■ **PROBLEM DESCRIPTION**
Print only the lines below from the one with "Each set includes" to the one with "为您提供商品气质花边领粉色七分袖 女上衣春夏气质显瘦小衫 宽松印花妈妈装", both included, exactly as they stand. Leave pictures out.

■ **PROVIDED RECORDS**

######

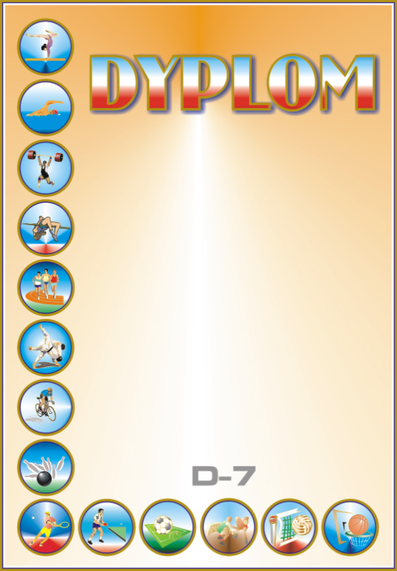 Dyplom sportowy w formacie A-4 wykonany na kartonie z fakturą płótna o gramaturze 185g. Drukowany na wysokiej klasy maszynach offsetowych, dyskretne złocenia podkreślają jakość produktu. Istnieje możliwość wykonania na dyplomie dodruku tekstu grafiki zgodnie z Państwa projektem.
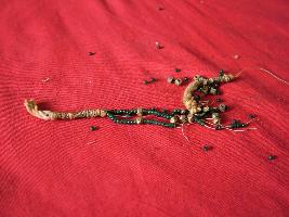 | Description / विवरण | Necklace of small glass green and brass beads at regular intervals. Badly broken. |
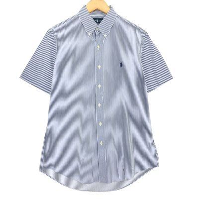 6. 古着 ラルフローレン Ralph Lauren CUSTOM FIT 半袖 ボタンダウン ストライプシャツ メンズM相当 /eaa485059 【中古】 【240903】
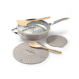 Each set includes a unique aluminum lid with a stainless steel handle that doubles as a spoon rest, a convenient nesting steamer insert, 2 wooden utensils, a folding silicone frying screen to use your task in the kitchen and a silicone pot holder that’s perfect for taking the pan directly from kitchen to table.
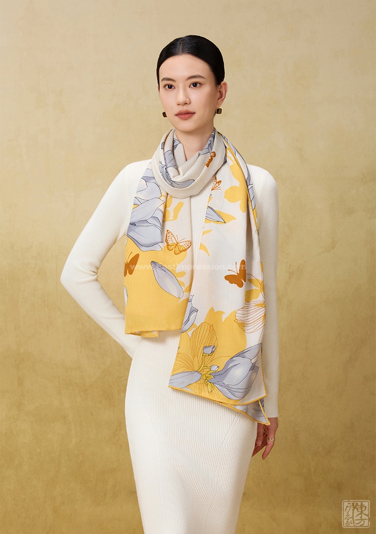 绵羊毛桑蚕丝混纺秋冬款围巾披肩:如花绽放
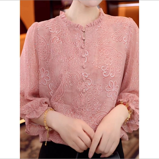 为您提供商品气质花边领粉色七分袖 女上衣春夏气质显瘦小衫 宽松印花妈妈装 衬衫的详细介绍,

######

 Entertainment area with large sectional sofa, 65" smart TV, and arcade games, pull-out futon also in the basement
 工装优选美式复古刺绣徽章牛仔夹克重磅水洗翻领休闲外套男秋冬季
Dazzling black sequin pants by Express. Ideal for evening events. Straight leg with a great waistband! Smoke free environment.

######

■ **REPLY**
 Each set includes a unique aluminum lid with a stainless steel handle that doubles as a spoon rest, a convenient nesting steamer insert, 2 wooden utensils, a folding silicone frying screen to use your task in the kitchen and a silicone pot holder that’s perfect for taking the pan directly from kitchen to table.
 绵羊毛桑蚕丝混纺秋冬款围巾披肩:如花绽放
 为您提供商品气质花边领粉色七分袖 女上衣春夏气质显瘦小衫 宽松印花妈妈装 衬衫的详细介绍,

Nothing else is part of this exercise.